### Collected data:
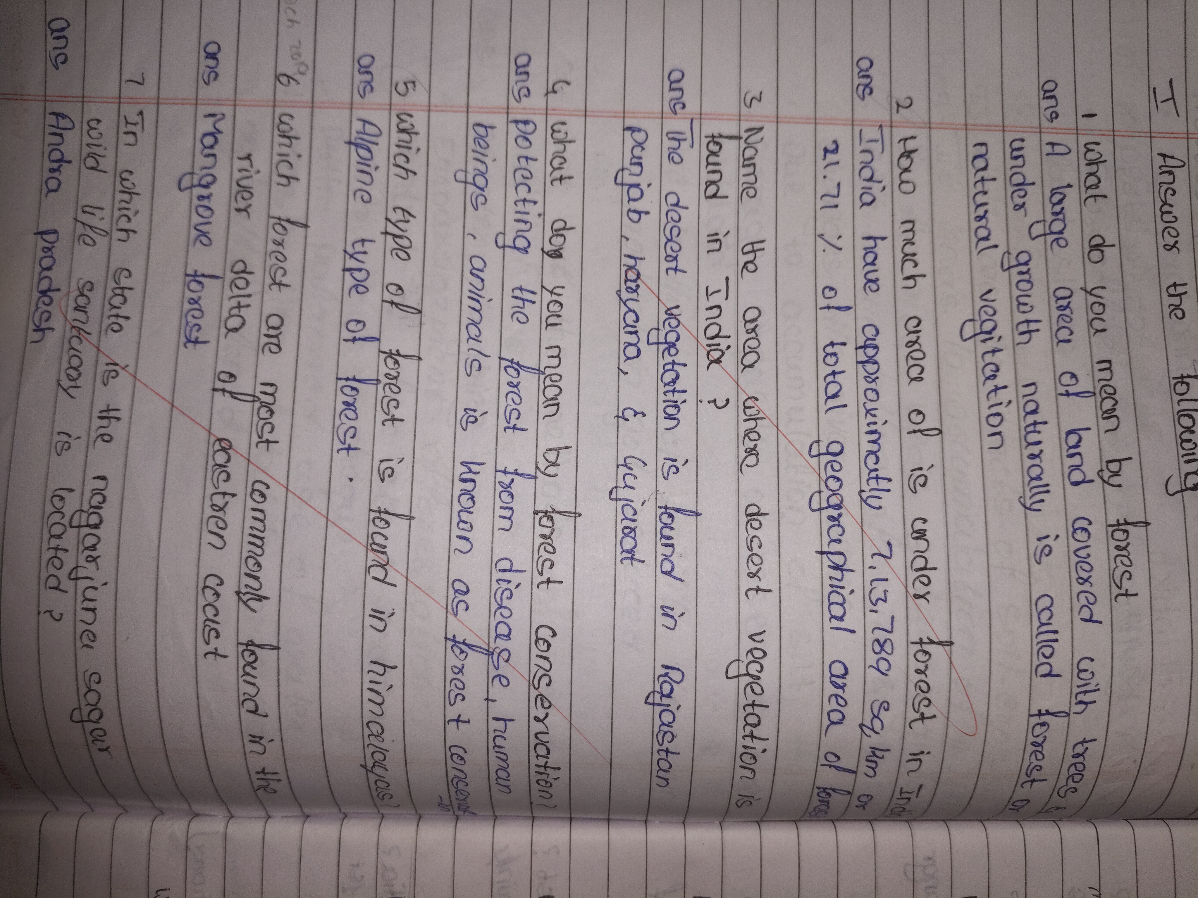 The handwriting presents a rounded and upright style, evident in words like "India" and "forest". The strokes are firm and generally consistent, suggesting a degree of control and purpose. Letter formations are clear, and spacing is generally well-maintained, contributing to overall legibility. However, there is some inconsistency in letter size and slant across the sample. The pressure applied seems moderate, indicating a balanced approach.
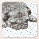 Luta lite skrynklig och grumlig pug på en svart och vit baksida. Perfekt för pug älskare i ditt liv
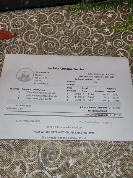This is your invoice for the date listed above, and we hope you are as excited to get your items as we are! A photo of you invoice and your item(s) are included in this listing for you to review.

### Problem to work on:
Write the full listing out again with every line unchanged, but include no pictures.

### Answer space:
 The handwriting presents a rounded and upright style, evident in words like "India" and "forest". The strokes are firm and generally consistent, suggesting a degree of control and purpose. Letter formations are clear, and spacing is generally well-maintained, contributing to overall legibility. However, there is some inconsistency in letter size and slant across the sample. The pressure applied seems moderate, indicating a balanced approach.
 Luta lite skrynklig och grumlig pug på en svart och vit baksida. Perfekt för pug älskare i ditt liv
This is your invoice for the date listed above, and we hope you are as excited to get your items as we are! A photo of you invoice and your item(s) are included in this listing for you to review.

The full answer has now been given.